Federal Designation Gives UB Program New Role in Improving Patient Safety and Reducing Medical Errors

Release Date: April 1, 2010 This content is archived.

Print

Related Multimedia

UB's Medication Management Research Network, headed by Gene Morse, associate director, Center of Excellence, has been designated a Patient Safety Organization by the federal government.

BUFFALO, N.Y. -- The Medication Management Research Network at the University at Buffalo's New York State Center of Excellence in Bioinformatics and Life Sciences has a new role in helping to improve patient safety in Western New York, as a result of its recent designation by the federal government as a Patient Safety Organization.

The Medication Management Research Network at UB received the designation from the U.S. Department of Health and Human Services' Agency for Healthcare Research and Quality; it's the first academic institution in New York State to receive the designation and only the second Patient Safety Organization named in the state.

The announcement comes about a year after the Medication Management Research Network was established by the UB Center of Excellence and the School of Pharmacy and Pharmaceutical Sciences with the goal of establishing a statewide infrastructure for conducting research in medication management.

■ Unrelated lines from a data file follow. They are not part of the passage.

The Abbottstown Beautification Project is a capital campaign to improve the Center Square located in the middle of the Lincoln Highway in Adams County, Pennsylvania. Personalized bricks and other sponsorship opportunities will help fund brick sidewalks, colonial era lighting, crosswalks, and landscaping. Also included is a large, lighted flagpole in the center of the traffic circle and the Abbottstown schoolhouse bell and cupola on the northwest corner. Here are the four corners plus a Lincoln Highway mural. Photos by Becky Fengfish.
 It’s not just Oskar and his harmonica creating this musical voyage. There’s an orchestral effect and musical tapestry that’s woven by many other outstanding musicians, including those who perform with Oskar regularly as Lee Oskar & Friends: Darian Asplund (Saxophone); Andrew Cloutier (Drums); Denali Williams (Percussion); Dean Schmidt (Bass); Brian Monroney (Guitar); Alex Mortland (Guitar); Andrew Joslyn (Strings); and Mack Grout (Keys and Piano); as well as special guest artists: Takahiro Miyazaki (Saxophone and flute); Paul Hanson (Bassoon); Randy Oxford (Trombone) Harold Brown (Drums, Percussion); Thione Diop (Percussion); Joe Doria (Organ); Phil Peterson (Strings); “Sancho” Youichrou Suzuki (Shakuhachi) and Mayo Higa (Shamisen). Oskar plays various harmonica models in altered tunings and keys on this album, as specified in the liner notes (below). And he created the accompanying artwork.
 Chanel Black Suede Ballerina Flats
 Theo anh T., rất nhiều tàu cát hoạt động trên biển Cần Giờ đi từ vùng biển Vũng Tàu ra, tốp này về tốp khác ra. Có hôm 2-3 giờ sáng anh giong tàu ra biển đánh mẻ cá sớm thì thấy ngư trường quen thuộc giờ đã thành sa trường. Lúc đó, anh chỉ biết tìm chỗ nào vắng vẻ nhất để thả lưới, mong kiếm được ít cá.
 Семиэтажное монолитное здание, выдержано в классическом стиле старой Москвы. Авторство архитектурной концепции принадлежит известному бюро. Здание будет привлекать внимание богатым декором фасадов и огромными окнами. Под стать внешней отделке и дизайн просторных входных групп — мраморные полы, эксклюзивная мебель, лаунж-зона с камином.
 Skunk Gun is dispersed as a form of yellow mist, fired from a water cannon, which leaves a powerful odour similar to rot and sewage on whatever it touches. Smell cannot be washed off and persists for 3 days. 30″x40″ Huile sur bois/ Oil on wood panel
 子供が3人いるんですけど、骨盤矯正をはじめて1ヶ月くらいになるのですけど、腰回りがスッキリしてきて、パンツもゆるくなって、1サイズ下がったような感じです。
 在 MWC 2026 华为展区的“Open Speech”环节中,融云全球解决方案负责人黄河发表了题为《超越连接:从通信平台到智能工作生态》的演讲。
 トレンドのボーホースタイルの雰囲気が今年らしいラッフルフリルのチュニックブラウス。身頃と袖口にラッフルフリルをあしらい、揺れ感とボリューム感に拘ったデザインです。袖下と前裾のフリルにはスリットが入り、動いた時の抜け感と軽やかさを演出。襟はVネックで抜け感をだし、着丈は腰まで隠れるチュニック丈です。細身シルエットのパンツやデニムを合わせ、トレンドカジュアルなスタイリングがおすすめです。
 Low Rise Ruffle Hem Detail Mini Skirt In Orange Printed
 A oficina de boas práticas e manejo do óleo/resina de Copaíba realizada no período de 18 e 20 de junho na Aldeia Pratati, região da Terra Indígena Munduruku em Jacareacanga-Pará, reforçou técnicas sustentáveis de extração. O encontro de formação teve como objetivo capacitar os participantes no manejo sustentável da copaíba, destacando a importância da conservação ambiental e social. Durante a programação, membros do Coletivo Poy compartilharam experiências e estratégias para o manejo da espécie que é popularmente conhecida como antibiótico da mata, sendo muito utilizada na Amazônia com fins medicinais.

"As a Patient Safety Organization, MMRN now has the ability not just to conduct valuable research on how specific health care decisions impact patient outcomes and health care costs, but it enables us to report back to health care providers on patterns we discover through data analysis," explains Gene D. Morse, PharmD, principal investigator on the MMRN, professor in the UB School of Pharmacy and Pharmaceutical Sciences and associate director of the UB Center of Excellence. "It allows us to identify issues quickly, develop improved early warning systems that communicate ways to reduce risk and improve quality and to set up mechanisms through which we will report back to the clinical sites so that they can then take steps to efficiently avoid potentially dangerous and costly medication errors."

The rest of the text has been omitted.